MLPerf™ is a trademark and service mark of MLCommons Association in the United States and other countries.
All rights reserved. Unauthorized use is strictly prohibited.
Please follow the instructions provided in the Intel Gaudi Installation Guide to set up the environment.
mkdir -p /path/to/Intel-HabanaLabs
export INTEL_HABANALABS_DIR=/path/to/Intel-HabanaLabs
This README is located in code directory corresponding to Intel-HabanaLabs submission. Download the whole code folder along with all subfolders under $INTEL_HABANALABS_DIR:
cd /path/to/Intel-HabanaLabs
git clone https://github.com/HabanaAI/Model-References.git
NOTE: The below is only an example value. Replace [Intel_Gaudi_software_version] and [PT_version] to match your setup and Supported Configuration.
export CONTAINER_NAME=mlperf4.0
export DOCKER_IMAGE=vault.habana.ai/gaudi-docker/[Intel_Gaudi_software_version]/ubuntu22.04/habanalabs/pytorch-installer-[PT_Version]:latest
docker run --privileged --security-opt seccomp=unconfined \
--name $CONTAINER_NAME -td \
-v /dev:/dev \
--device=/dev:/dev \
-v /sys/kernel/debug:/sys/kernel/debug \
-v /tmp:/tmp \
-v $INTEL_HABANALABS_DIR:/root/Intel-HabanaLabs/ \
--cap-add=sys_nice --cap-add=SYS_PTRACE \
--user root --workdir=/root --net=host \
--ulimit memlock=-1:-1 ${DOCKER_IMAGE}
docker exec $CONTAINER_NAME bash -c "service ssh start"
docker exec -it $CONTAINER_NAME bash
mkdir -p /mnt/weka/data/mlperf_inference/stable-diffusion-xl/stable_diffusion_fp32
pushd /mnt/weka/data/mlperf_inference/stable-diffusion-xl
curl https://rclone.org/install.sh | bash
rclone config create mlc-inference s3 provider=Cloudflare access_key_id=f65ba5eef400db161ea49967de89f47b secret_access_key=fbea333914c292b854f14d3fe232bad6c5407bf0ab1bebf78833c2b359bdfd2b endpoint=https://c2686074cb2caf5cbaf6d134bdba8b47.r2.cloudflarestorage.com
rclone copy mlc-inference:mlcommons-inference-wg-public/stable_diffusion_fp32 ./stable_diffusion_fp32 -P
popd
Alternatively, the required checkpoints/datasets can be downloaded offline and copied to the required path before running Docker run command.
To download statistics file:
pushd /root/Intel-HabanaLabs/Model-References/MLPERF4.0/Inference/stable-diffusion-xl/tools
wget -L https://github.com/mlcommons/inference/raw/master/text_to_image/tools/val2014.npz
popd
To download dataset, run the below command:
pushd /root/Intel-HabanaLabs/Model-References/MLPERF4.0/Inference/stable-diffusion-xl/tools
./download-coco-2014.sh -n 1
popd
build_mlperf_inference covers the same functionality.
Installation of the requirements and loadgen are part of the build_mlperf_inference script.
cd /root/Intel-HabanaLabs/Model-References/MLPERF4.0/Inference/
source functions.sh
To generate full submission results, run the following command:
build_mlperf_inference --output-dir <path_to_output_dir> --submission sd-xl-fp8
The command produces results from accuracy and performance runs for both Offline and Server scenarios.
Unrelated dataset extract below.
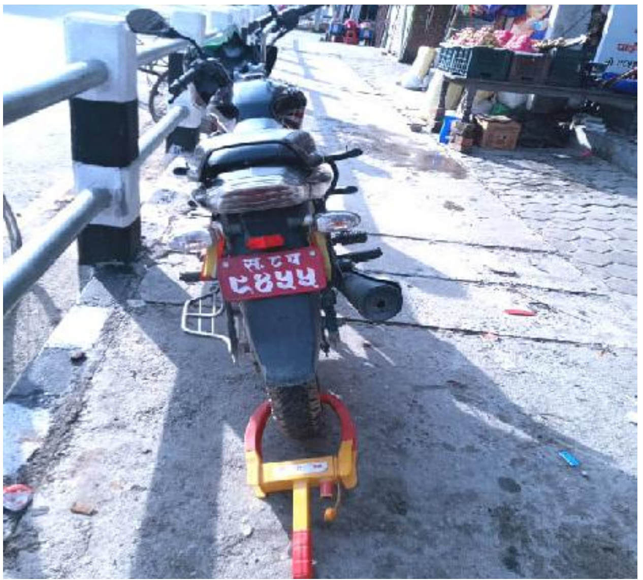
उदयपुर जिल्लाको सदरमुकाम गाईघाट बजारको मुख्यचोकको उमेश घडी पसस अगाडी पैदलयात्रु हिड्ने सडकपेटिमा मोटरसाईकल चालकले मोटरसाईकल पार्क गरेपछि, जिल्ला ट्राफिक प्रहरी कार्यालय उदयपुरले मोटरसाईकलको पाङ्गामा लक लगाएको छ। मंगलबार विहान ७ बजे लगाएको लक बेलुकी ७ बजेसम्म पनि मोटरसाईकल धनी सम्पर्कमा नआएपछि, ह्यान्डिल लक मोटरसाईकललाई अटोमा राखेर कारवाहीको लागि जिल्ला ट्राफिक प्रहरी कार्यालय लगेको छ। अहिले गाईघाटको ट्राफिक प्रहरी कडाईका साथ कारवाहीमा उत्रेको छ।

इन्टरनेट सेवा दिने संस्था कम्पनीहरूले अब ग्राहकलाई सहज, सुविधासम्पन्न, सरल तरिकाले कसरी इन्टरनेट सेवा चलाउन सकिन्छ त्यसरीनै अबको योजनाहरू बनाईनुपर्दछ। लहरको भरमा गुणस्तरविहिन सेवाको शुल्क भने पुरा लिन पाईने नियममा पनि विचार गर्न जरुरी छ। इन्टरनेट सेवा बिना अहिलेको दैनिकी चलाउन असहज भएकाले पनि इन्टरनेट सेवा संस्थाहरू सेवामुखी हुनुपर्दछ। नाफा कमाउने भन्दा पनि आफ्नो ग्राहकहरू टिकाईरहन अब सेवामा गुणस्तर दिनैपर्दछ। नाफा मात्र कमाउने हो भने यस्ता इन्टरनेट सेवाका सुविधा कसैको कोठाहरूमा यो सेवा बन्द हुनेछ। जति धेरै सेवा सुविधा बढायो उति धेरै ग्राहक सङ्ख्या बढ्छ भने सेवाको स्तर बृद्धि गर्दा नै सबै उपभोक्ताहरूको मनमा बस्न सक्छ। त्यसैले सबैको हित हुनेछ। धेरै राम्रो सेवा प्रदान गर्ने हो भने अझ सेवाग्राही बढ्ने छ।

Logs can be found under /path_to_output_dir/logs/model/, e.g. /results/logs/sd-xl-fp8/
For future runs you can skip installing requirements and laodgen by passing --skip-reqs in build_mlperf_inference
To generate results for Offline and Server scenarios separately, run the following commands:
source functions.sh
build_mlperf_inference --output-dir <path_to_output_dir> --submission sd-xl-fp8_Offline
source functions.sh
build_mlperf_inference --output-dir <path_to_output_dir> --submission sd-xl-fp8_Server
Logs can be found under /path_to_output_dir/logs/model/scenario/, e.g. /results/logs/sd-xl-fp8/Offline/
To generate results for accuracy and performance separately, add --mode
flag as in one of the following commands:
source functions.sh
build_mlperf_inference --output-dir <path_to_output_dir> --submission sd-xl-fp8_Offline --mode acc
source functions.sh
build_mlperf_inference --output-dir <path_to_output_dir> --submission sd-xl-fp8_Offline --mode perf
Logs can be found under /path_to_output_dir/logs/model/scenario/mode/, e.g. /results/logs/sd-xl-fp8/Offline/accuracy/
The below command recreates the measurements on the calibration dataset which we later use to determine the scales:
pushd /root/Intel-HabanaLabs/code/stable-diffusion-xl/stable-diffusion-xl
bash ./tools/measure.sh
popd
To optimize performance, we set heavy-performance ops to operate in FP8-143. In the conversion to FP8-143 we use various values of exponent bias which are determined using a calibration dataset. For each input processed, the UNET block is iteratively invoked 20 times. A more aggressive form is used for the first 18 steps; and a less aggressive one for the final 2 steps.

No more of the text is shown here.